Business interests were largely successful in stopping bills they labeled as antibusiness in the recently concluded legislative session. They were less successful in getting “business-friendly” bills through, however.
Of the 42 bills the California Chamber of Commerce targeted as “job killers,” only 11 have made it to Gov. Arnold Schwarzenegger’s desk for his signature or – more likely – his veto. Twenty-seven bills never made it out of the Legislature; they either stalled in committee or died on the floor of the Senate or Assembly. The remaining four bills could be considered in a special session to address state budget issues.
“There was a slight sigh of relief from business stakeholders in the fact that fewer job-killer bills made it out of the Legislature,” said John Kabateck, executive director of the California chapter of the National Federation of Independent Business.
Job-killer bills that fell by the wayside include one that would have substantially increased penalties for environmental, safety and wage violations. Another bill would have gutted the state’s enterprise zone tax incentive program.
But Kabateck said there were a few “doozies” that did make it through. Among the job killers on Schwarzenegger’s desk are bills that would restrict employers’ ability to use credit reports in hiring decisions. Another would require incentive programs for employers to expire within seven years.
In past years, Schwarzenegger has vetoed more than 90 percent of job-killer bills landing on his desk.
Meanwhile, of the 18 bills that the California chamber labeled as “job creators,” only four cleared the Legislature; the governor has until Sept. 30 to sign or veto them.
Citing concerns about the impact on businesses and property owners, the city of Malibu plans to ask the state water quality board to order modifications to a Los Angeles water board rule that bans septic tanks throughout the central business and civic district.
The Los Angeles Regional Water Quality Control Board passed the ban in November, citing studies that showed septic tank discharges were flowing into the ocean. All new septic tanks are banned in the Malibu Civic Center area. The ban states existing commercial septic tanks must be shut down by the end of 2015 and existing residential tanks by the end of 2019. In all, about 550 residences and businesses are subject to the ban.

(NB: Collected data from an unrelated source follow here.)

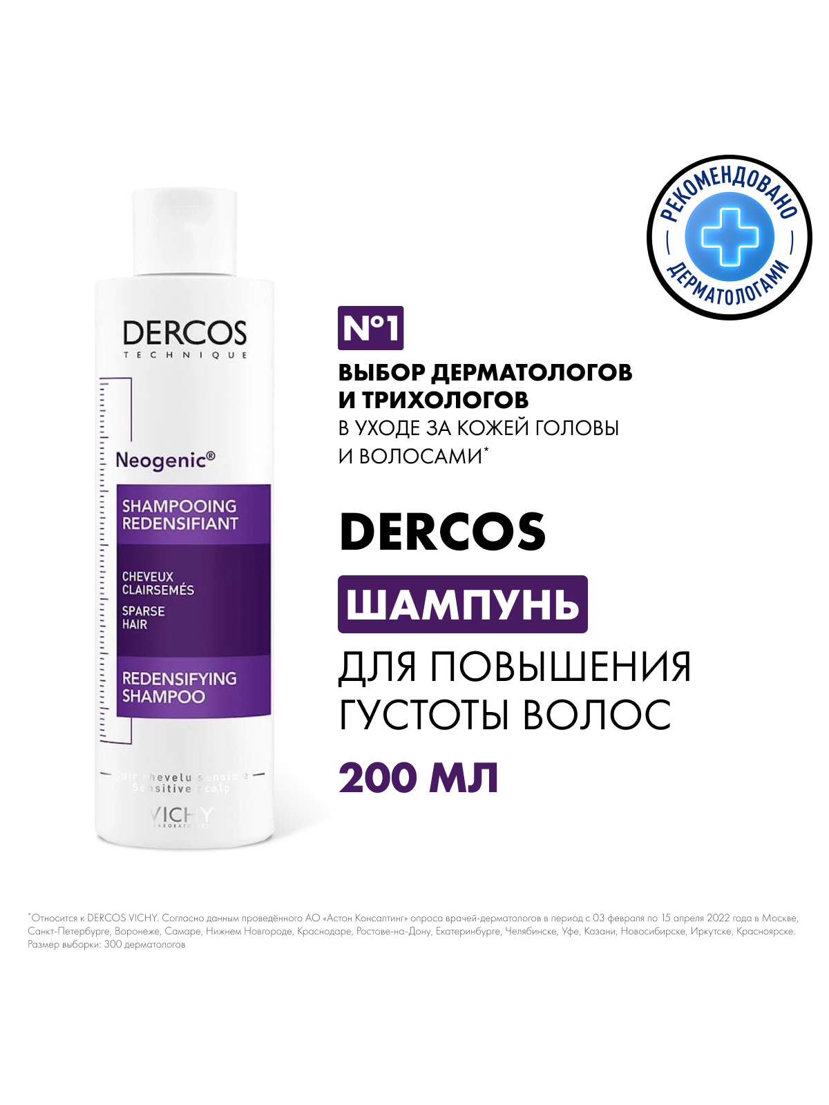 VICHY DERCOS NEOGENIC Шампунь для повышения густоты волос, 200 мл
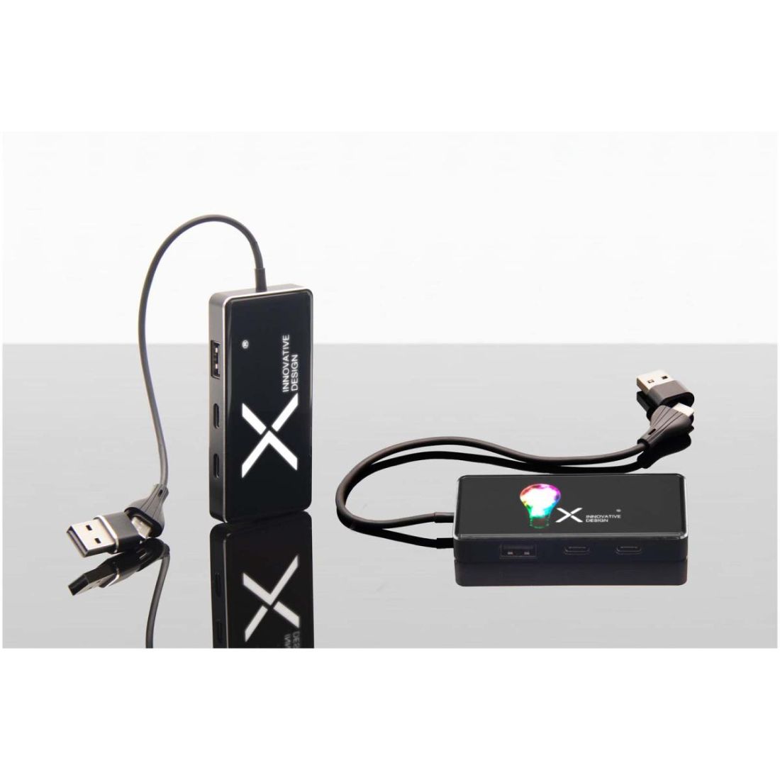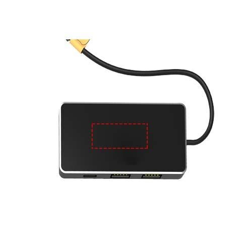 Hub USB 8 en 1 con 3 puertos USB-A y 3 puertos tipo C para conectar hasta 6 dispositivos al mismo tiempo. Gracias a su doble entrada USB-A y USB-C, es 100 % compatible con los ordenadores más recientes del mercado (USB-C). Este hub USB tiene un acabado de caucho y un logotipo luminoso. Se presenta en una caja de regalo de cartón reciclado (14,6 × 7,3 × 2,5 cm).
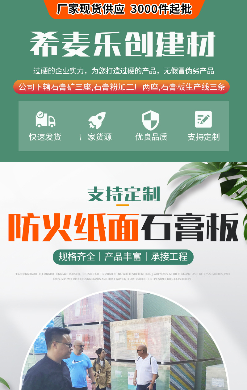 防火纸面石膏板 现货吊顶材料 家装建材工程防火吊顶石膏板
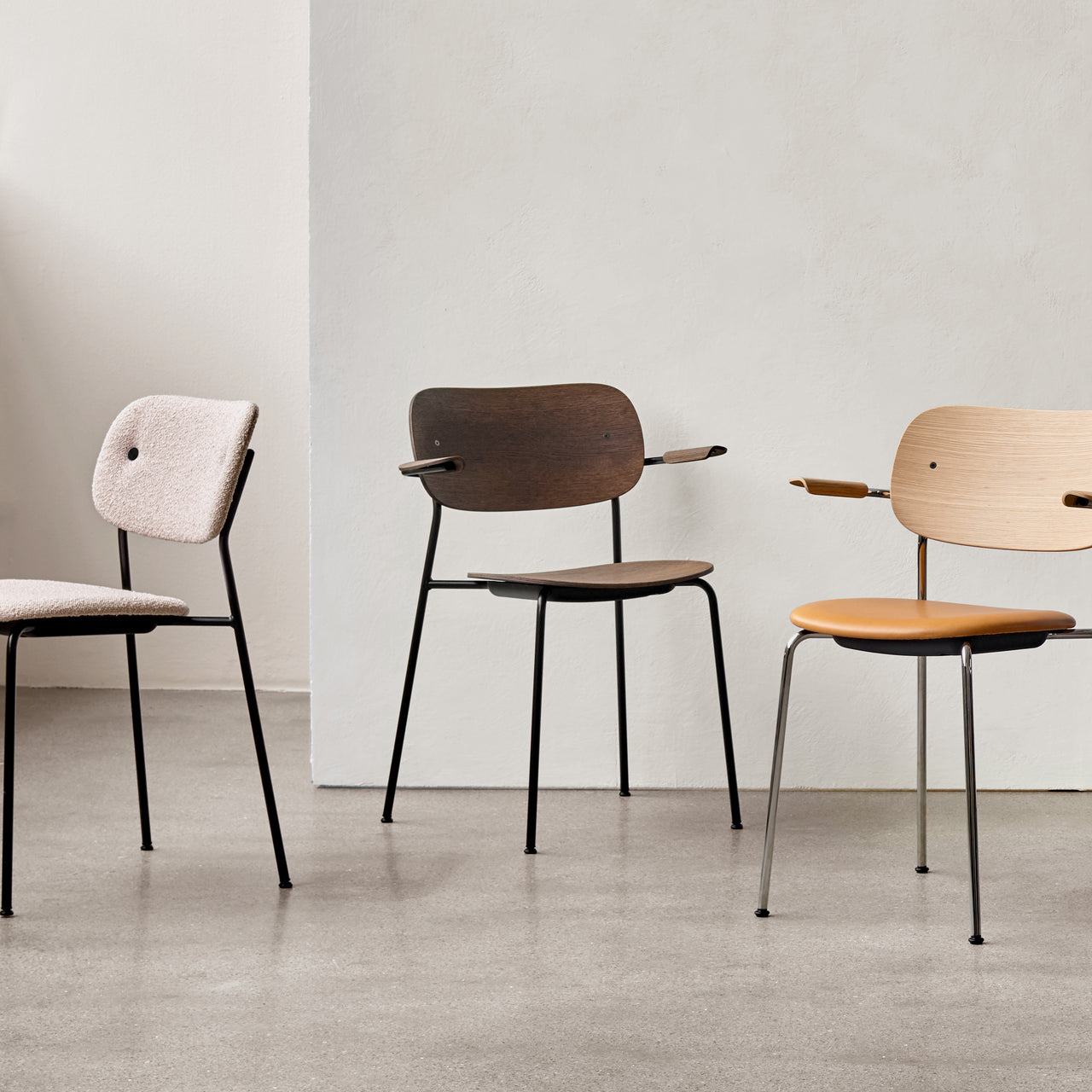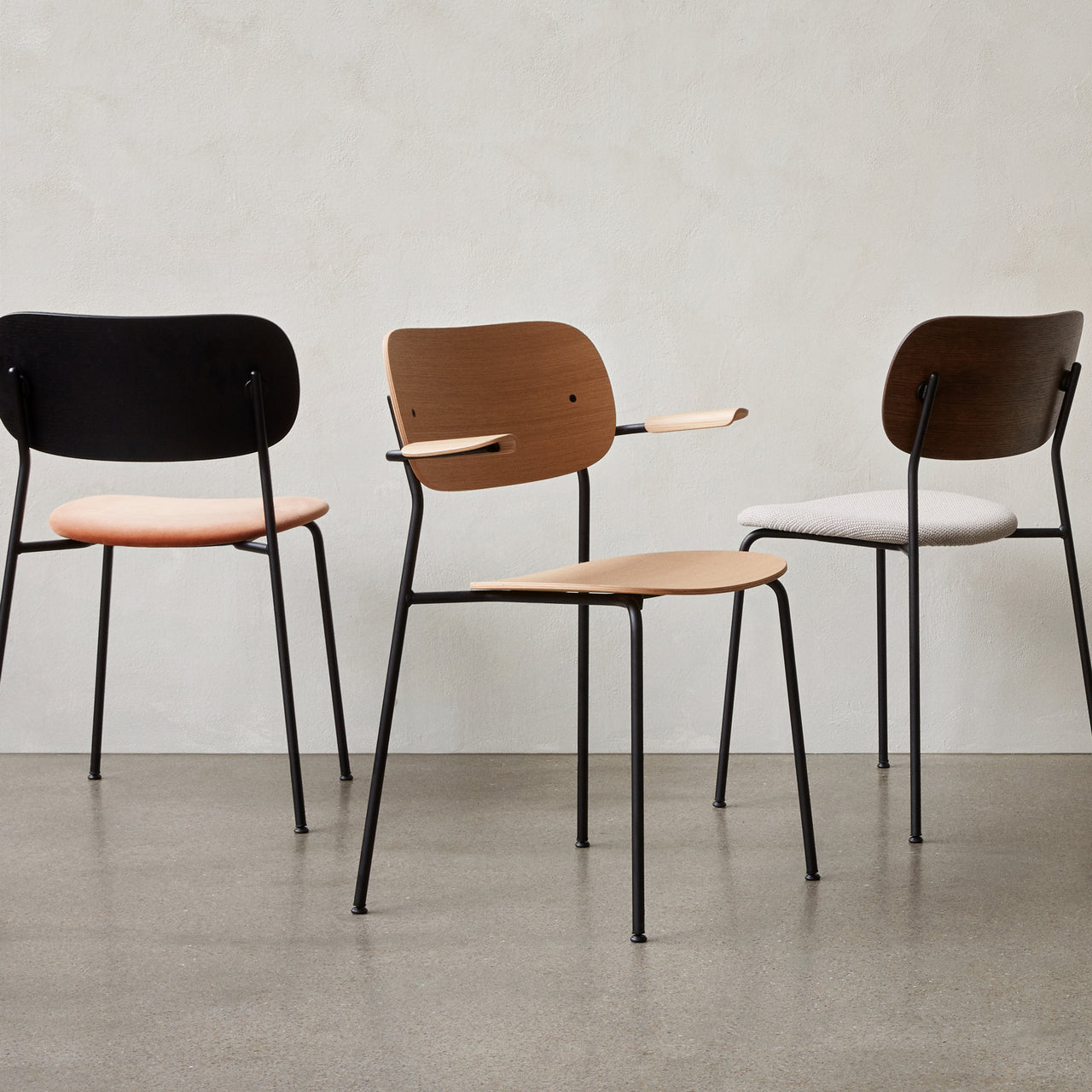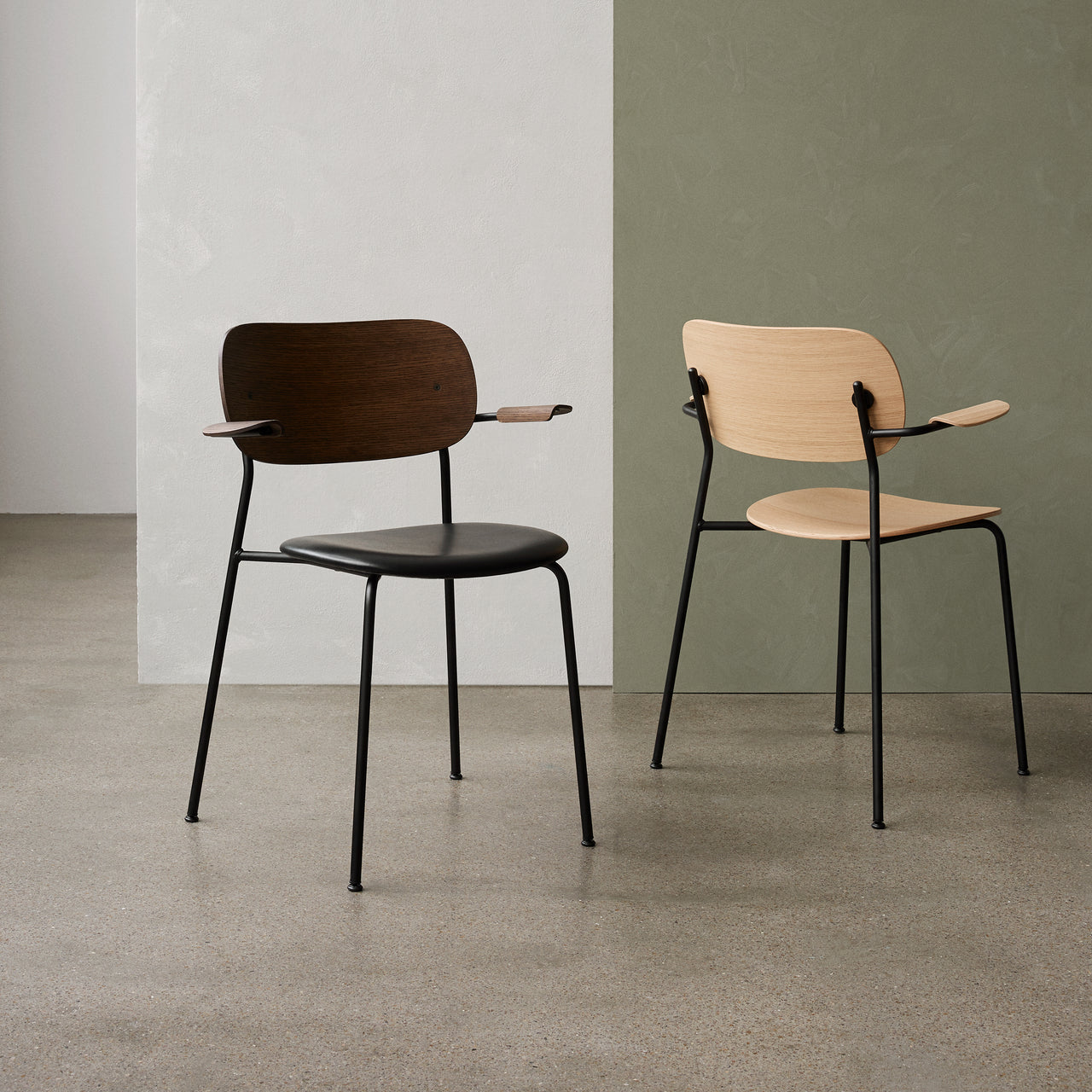 The addition of armrests upgrades the Co comfort factor in the oak veneer seating that sprang from a collaboration between London's shared-workplace pioneers The Office Group and Norm Architects. Lightweight but demonstrably sturdy, the chair's wide wood back allows for freedom of movement and it is comfortably angled for lumbar support.
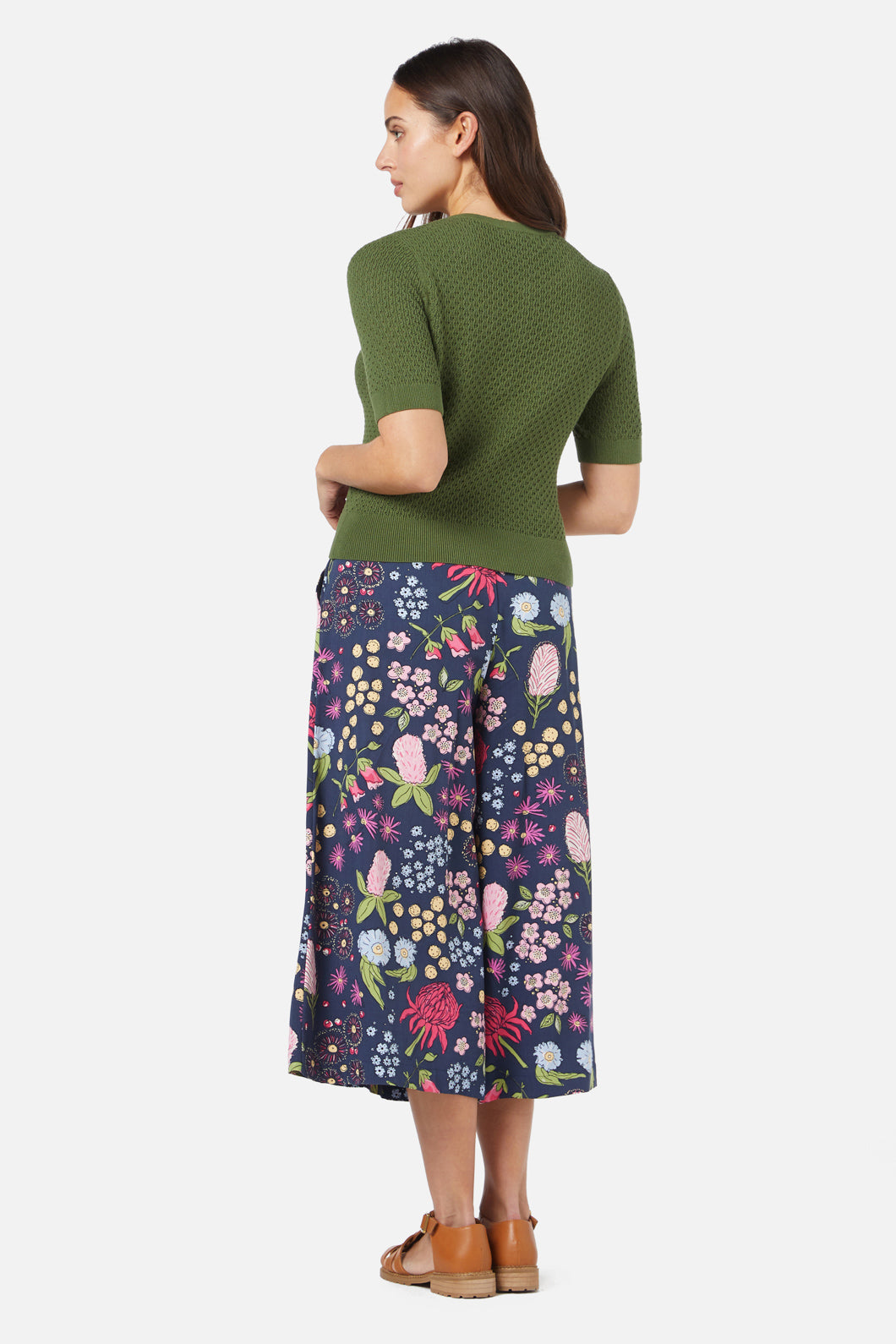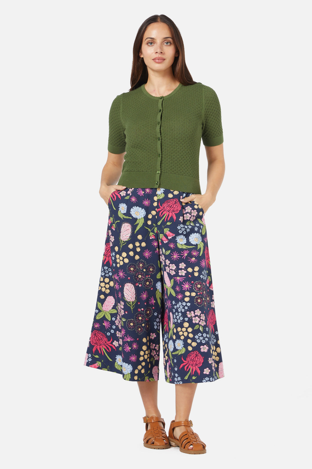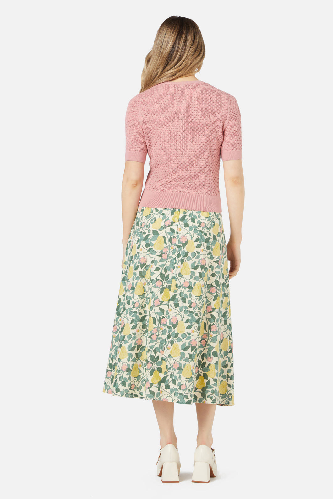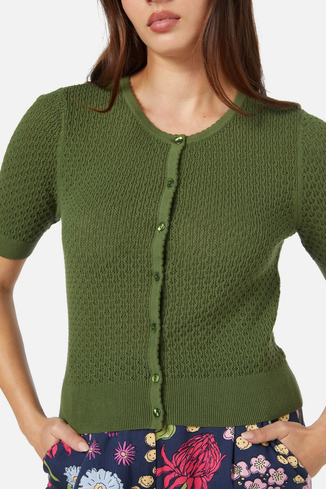 The Isla Cardi offers a charming lace-style knit in a cotton yarn, making it a breathable and versatile piece for any wardrobe. This short-sleeve cardigan features a rounded neckline, button-through front, and ribbed detailing on the neck, cuffs, and hem. Designed with a comfortable amount of stretch, it’s perfect for layering over dresses or pairing with high-waisted pants. Available in olive and pink.

A sewage treatment system that would replace the septic tanks is projected to cost at least $50 million. To pay for the system, businesses could be taxed between $7,000 and $20,000 per month.
Business leaders and property owners objected, saying the city needs more time to build the treatment system. Also, ban opponents said septic tanks should only be prohibited near Malibu Creek instead of the broader Civic Center area.
The city is proposing to remove high-volume septic tanks closest to Malibu Creek. Also, the city’s proposal would extend the time lines for the rest of the Civic Center area to be hooked up to a new sewage treatment system.
City officials said their plan would garner more community support, while the regional water board’s ban would generate legal opposition that would stall any efforts to improve the water quality.
“The Regional Board’s proposed prohibition zone will lead to continued conflict that will stall progress to accomplish the clean water goals that we all share,” Malibu Mayor Jefferson Wagner said in a statement.
The state water board is scheduled to take up the city’s request and proposal at its Sept. 21 meeting in Sacramento.
State and local government agencies are battling over greenhouse gas reduction targets for new development. The state wants steep cutbacks in greenhouse gases for new projects, and the Southern California Association of Governments wants the cutbacks to be less stringent.
Builders, not surprisingly, are backing the association.
The tussle is the result of SB 375, a state law enacted two years ago to reduce greenhouse gas emissions from future development projects. The law is designed to encourage so-called “smart growth” developments that allow residents to walk to shops or use mass transit.
Last month, California Air Resources Board staff proposed that greenhouse gas emissions from development projects be reduced 8 percent from current per capita levels by 2020 and 13 percent by 2035. The per capita figure applies to the number of residents that each new development would add to the population.
But the Southern California Association proposed a 6 percent per capita reduction in emissions by 2020 and 8 percent by 2035.
“We hope that SCAG’s action will be seriously considered by CARB later this month and factored into their final targets,” said Holly Schroeder, chief executive of the L.A.-Ventura chapter of the Building Industry Association.
The air board will consider the proposals at its Sept. 23 meeting in Sacramento.